» **WHAT TO DO**: Return nothing but the lines from the one with "15 toneladas de" through the one with "3. Ismeretlen velencei" in the data below, word for word and without pictures.

» **DATA EXTRACT**:
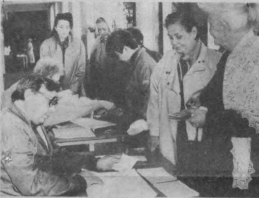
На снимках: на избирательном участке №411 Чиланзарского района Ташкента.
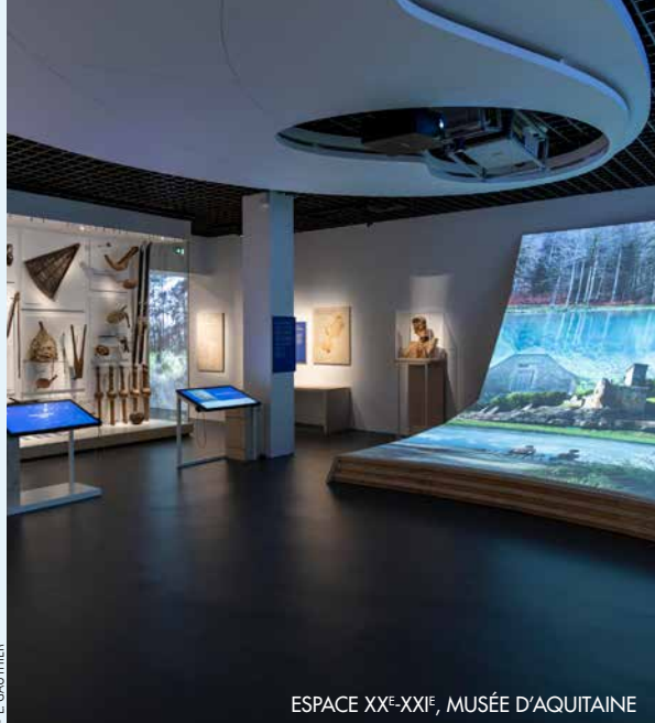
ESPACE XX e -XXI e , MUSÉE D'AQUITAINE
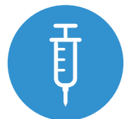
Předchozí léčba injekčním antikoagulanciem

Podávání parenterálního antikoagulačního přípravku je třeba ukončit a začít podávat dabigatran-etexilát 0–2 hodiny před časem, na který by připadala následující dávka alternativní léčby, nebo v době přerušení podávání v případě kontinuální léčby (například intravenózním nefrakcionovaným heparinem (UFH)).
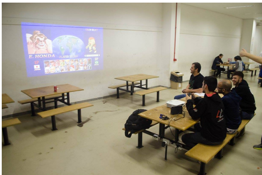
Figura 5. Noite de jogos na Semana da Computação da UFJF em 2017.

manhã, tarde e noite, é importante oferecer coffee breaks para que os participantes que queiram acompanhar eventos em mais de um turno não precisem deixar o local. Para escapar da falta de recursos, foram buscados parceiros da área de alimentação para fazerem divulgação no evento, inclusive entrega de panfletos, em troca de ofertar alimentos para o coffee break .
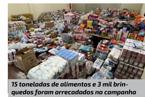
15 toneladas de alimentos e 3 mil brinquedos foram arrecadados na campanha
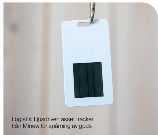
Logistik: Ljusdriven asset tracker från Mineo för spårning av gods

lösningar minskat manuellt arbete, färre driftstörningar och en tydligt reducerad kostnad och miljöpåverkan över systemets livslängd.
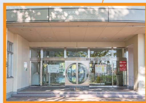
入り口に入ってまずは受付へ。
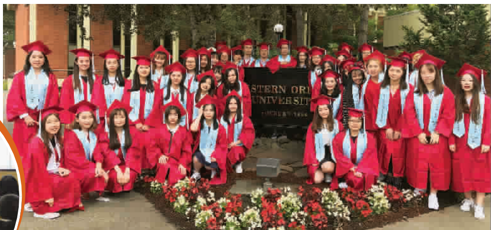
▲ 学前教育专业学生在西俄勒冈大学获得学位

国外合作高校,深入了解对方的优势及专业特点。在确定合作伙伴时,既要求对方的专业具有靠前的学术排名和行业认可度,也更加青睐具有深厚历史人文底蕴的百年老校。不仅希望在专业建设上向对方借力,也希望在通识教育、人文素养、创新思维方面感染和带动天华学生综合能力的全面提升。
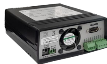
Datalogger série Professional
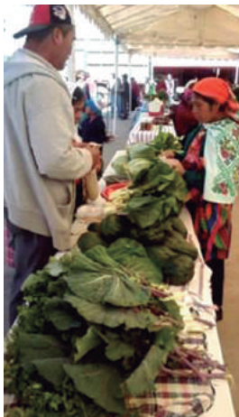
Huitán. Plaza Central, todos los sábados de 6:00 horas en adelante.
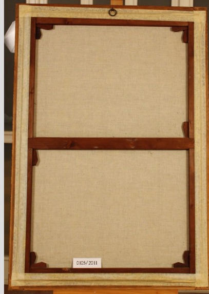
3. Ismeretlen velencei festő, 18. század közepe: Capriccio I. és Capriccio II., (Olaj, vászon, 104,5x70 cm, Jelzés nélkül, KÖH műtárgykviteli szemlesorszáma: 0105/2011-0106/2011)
...
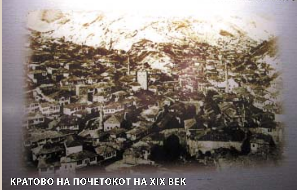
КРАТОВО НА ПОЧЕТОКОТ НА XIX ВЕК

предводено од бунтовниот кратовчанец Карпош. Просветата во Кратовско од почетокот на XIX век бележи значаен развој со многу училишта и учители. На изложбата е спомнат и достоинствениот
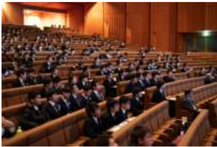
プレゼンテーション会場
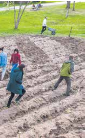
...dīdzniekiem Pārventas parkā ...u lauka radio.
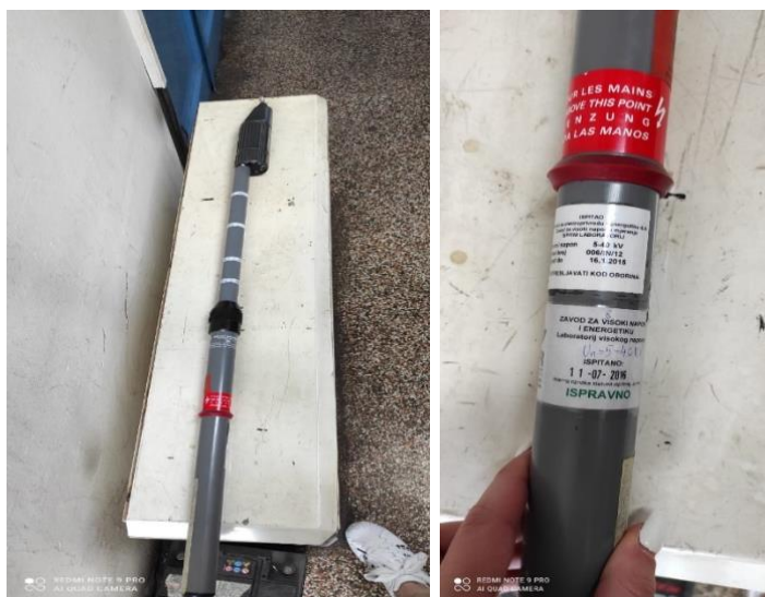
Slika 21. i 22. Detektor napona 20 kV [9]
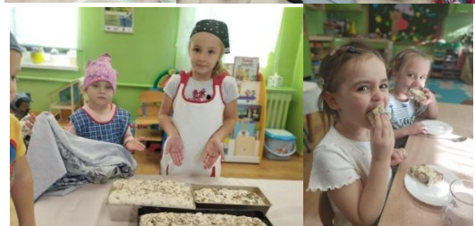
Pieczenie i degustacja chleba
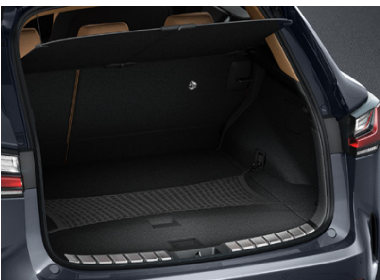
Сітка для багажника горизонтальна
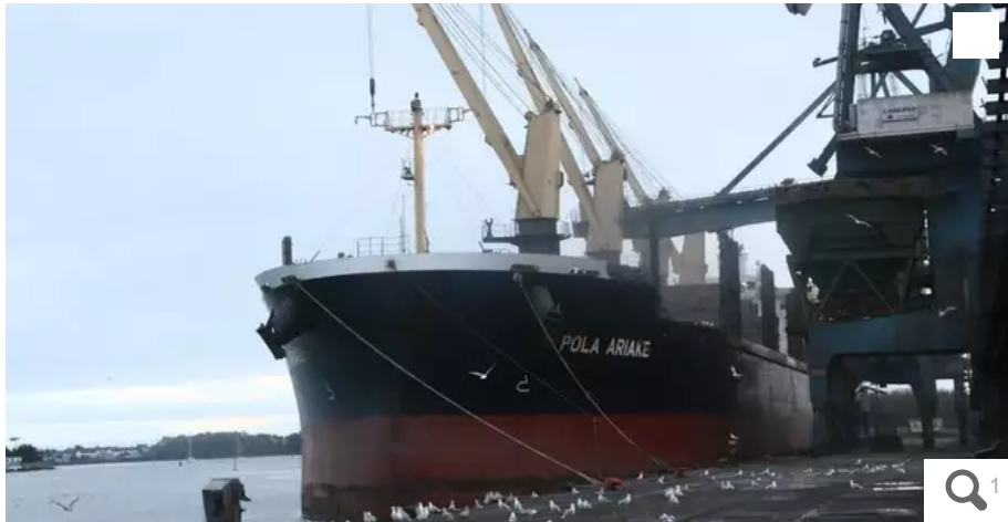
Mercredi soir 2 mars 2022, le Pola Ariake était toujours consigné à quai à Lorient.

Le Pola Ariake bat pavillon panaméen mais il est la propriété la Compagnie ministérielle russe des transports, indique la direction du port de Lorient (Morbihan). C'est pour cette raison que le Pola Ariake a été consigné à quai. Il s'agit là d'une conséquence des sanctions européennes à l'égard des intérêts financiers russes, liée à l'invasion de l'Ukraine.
==
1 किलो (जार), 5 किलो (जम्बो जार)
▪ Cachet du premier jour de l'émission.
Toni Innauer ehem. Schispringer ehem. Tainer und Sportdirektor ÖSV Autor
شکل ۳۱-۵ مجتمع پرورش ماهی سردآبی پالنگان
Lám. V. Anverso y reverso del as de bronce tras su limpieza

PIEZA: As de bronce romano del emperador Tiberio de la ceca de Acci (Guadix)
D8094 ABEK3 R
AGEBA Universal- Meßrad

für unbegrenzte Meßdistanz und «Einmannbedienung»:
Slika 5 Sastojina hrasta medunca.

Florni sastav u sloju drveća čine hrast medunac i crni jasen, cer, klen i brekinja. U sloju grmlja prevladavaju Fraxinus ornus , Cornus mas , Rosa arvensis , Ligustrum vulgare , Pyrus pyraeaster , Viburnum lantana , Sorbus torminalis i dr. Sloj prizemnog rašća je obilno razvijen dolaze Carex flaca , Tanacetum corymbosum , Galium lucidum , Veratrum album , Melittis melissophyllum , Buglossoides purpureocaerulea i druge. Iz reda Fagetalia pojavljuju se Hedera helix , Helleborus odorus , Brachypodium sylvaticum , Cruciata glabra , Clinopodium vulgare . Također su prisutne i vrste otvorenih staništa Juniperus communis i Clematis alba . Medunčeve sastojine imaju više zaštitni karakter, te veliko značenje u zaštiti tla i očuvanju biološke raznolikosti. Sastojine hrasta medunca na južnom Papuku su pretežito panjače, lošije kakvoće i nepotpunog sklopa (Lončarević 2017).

» **WRITTEN RESPONSE**:
15 toneladas de alimentos e 3 mil brinquedos foram arrecadados na campanha
Logistik: Ljusdriven asset tracker från Mineo för spårning av gods

lösningar minskat manuellt arbete, färre driftstörningar och en tydligt reducerad kostnad och miljöpåverkan över systemets livslängd.
入り口に入ってまずは受付へ。
▲ 学前教育专业学生在西俄勒冈大学获得学位

国外合作高校,深入了解对方的优势及专业特点。在确定合作伙伴时,既要求对方的专业具有靠前的学术排名和行业认可度,也更加青睐具有深厚历史人文底蕴的百年老校。不仅希望在专业建设上向对方借力,也希望在通识教育、人文素养、创新思维方面感染和带动天华学生综合能力的全面提升。
Datalogger série Professional
Huitán. Plaza Central, todos los sábados de 6:00 horas en adelante.
3. Ismeretlen velencei festő, 18. század közepe: Capriccio I. és Capriccio II., (Olaj, vászon, 104,5x70 cm, Jelzés nélkül, KÖH műtárgykviteli szemlesorszáma: 0105/2011-0106/2011)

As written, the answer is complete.